The specific heat and magnetic properties of a spin-1/2 ladder including butterfly-shaped unit blocks

TL;DR

This paper investigates a novel spin-1/2 ladder with butterfly-shaped units, analyzing its specific heat and magnetic properties, revealing unique phenomena like magnetization plateaus and anomalous specific heat peaks.

Contribution

It introduces a new butterfly-shaped spin ladder model with mixed interactions and provides detailed analysis of its thermodynamic and magnetic behaviors using transfer matrix methods.

Findings

Wide magnetization plateau at 5/6 saturation

Anomalous triple-peak in specific heat at low temperatures

Transition from triple-peak to double-peak with magnetic field increase

Abstract

The specific heat, structural characterization, and magnetic property studies of a new spin ladder with the geometry of butterfly-shaped configuration are reported.
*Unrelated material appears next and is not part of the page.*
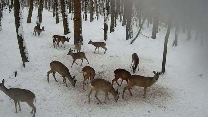У Бережанському надлісництві на Тернопільщині фотопастка зафіксувала гурт козуль, який прийшов на підгодівельний майданчик. Вони кілька разів приходили їсти корм.
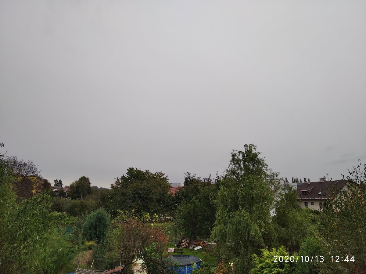 Aktuálně převažuje většinou zataženo a slabě prší dnes zatím jen 0.4 mm srážek a fouká většinou slabý vítr

The model introduced here is an infinite spin ladder-type including spin-1/2 particle for which unit blocks consist of two butterflies connected together through their bodies (Body-Body bridges). Localized spins on the wings of butterflies have XXZ Heisenberg interaction with two extra spin-1/2 particles assumed in the center of each cage (unit block), while they have pure Ising-type interaction with those spins that are localized on the bodies. Hence, there are six interstitial spins and four nodal spins (Body-Body interaction) per block. To obtain the partition function of this model, we use the transfer matrix approach, then we examine the magnetization process, as well as, the specific heat of the model. Interestingly, we see a wide plateau at $\frac{5}{6}$ of the saturation magnetization that is strongly dependent on the magnetic field and anisotropy variations. Moreover, some unexpected phenomena are observed in the low-temperature limit, such as anomalous triple-peak in the specific heat function which gradually turns to a double-peak upon increasing the magnetic field and/or anisotropic Heisenberg coupling, due to the ferromagnetic phase predomination.